BBC documentary-maker Louis Theroux has talked about his cousin Justin Theroux being engaged to Friends star Jennifer Aniston.

Living in the world’s most fame-obsessed city, Louis has got used to being ignored at LA’s glitzy showbiz parties.

But the shallow locals who scan the room for someone more famous to talk to when they meet him would probably change their minds if they knew the gangling Brit is related to Hollywood royalty.

“We’ve met a few times,” he says. “Jen is a really nice person.

“I hope her and Justin do get married but I don’t have any dates or anything like that. It would be nice to be there if they did.”

If Louis is at the celeb wedding of the decade, he must hope it’s a friendlier experience than the handful of exclusive parties he’s been invited to during his time in Los Angeles.

“I have been to a few A-list parties,” he says. “I’m a fan and I’m starstruck like everyone else. It’s weird, though.

“You can talk to someone relatively famous and they say, ‘What do you do? What do you do for a job?’ and I say, ‘I make documentaries for the BBC’ and you see their eyes just glaze over.

“And then you think they just want to get rid of you.”

Louis moved to California last year to make his hit new BBC2 series LA Stories.

Viewers have already seen his film about the city’s stray dog epidemic and a moving look at how the famous Cedars-Sinai Medical Centre deals with terminally ill patients.
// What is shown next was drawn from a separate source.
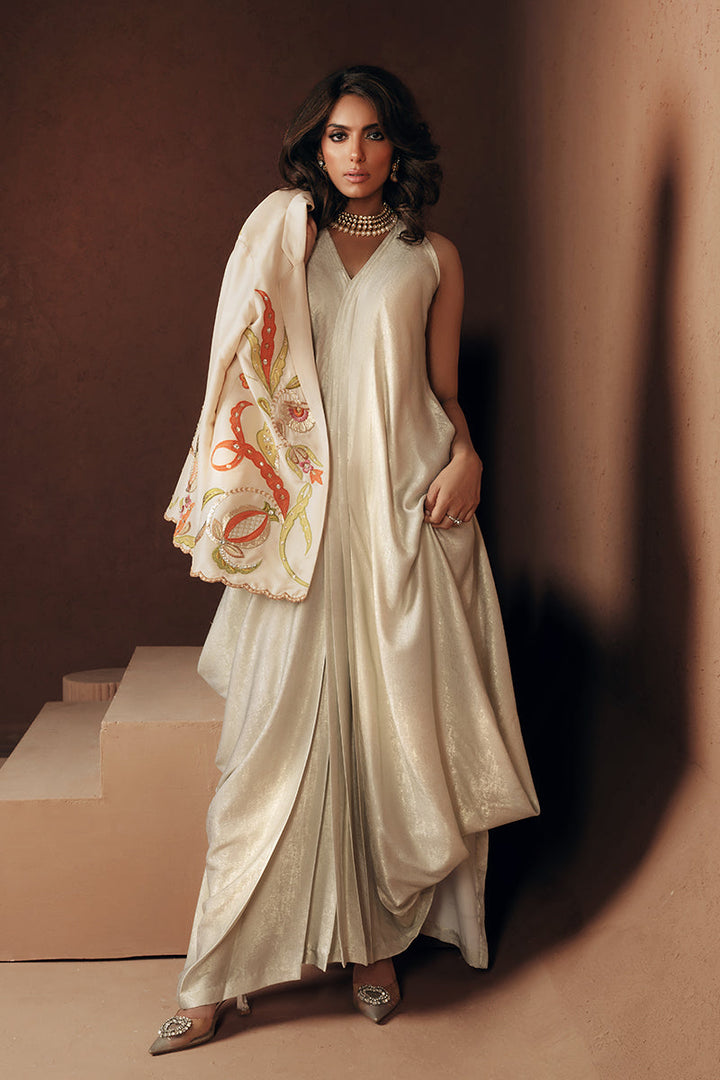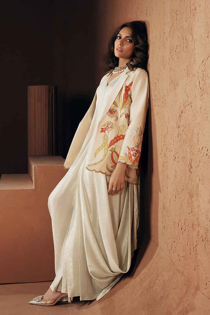 Our signature formal drape is paired with a stunning jacket in a mesmerizing palette of ivory, lime, and burnt orange. Adorned with intricate embroidery, delicate resham thread work, and our signature leather appliqué, where artistry meets timeless sophistication.
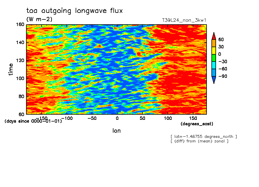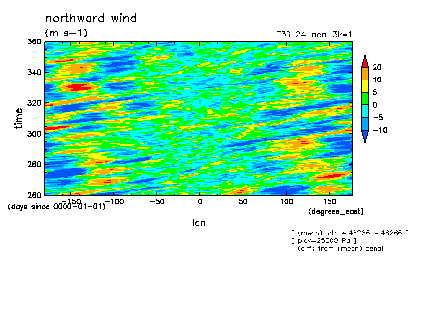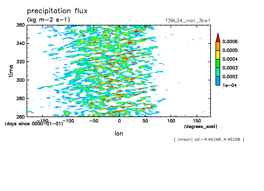 << Aqua Planet: Transients from '3kw1' Experiment ...consideration >> resolution: T39L24, cumulus parameterization: no cumulus scheme, Original data produced: 2005/02/** on ES.

He has also reported on how America houses sex offenders.

Not exactly glitz and glamour, but Louis says he was determined to provide a different insight into American life, and so after his wife Nancy complained of the appalling British weather the couple, along with their two young children, moved to LA.

He told The Mirror: “They may not be the subjects you immediately think of when you think of LA but they struck a chord with me.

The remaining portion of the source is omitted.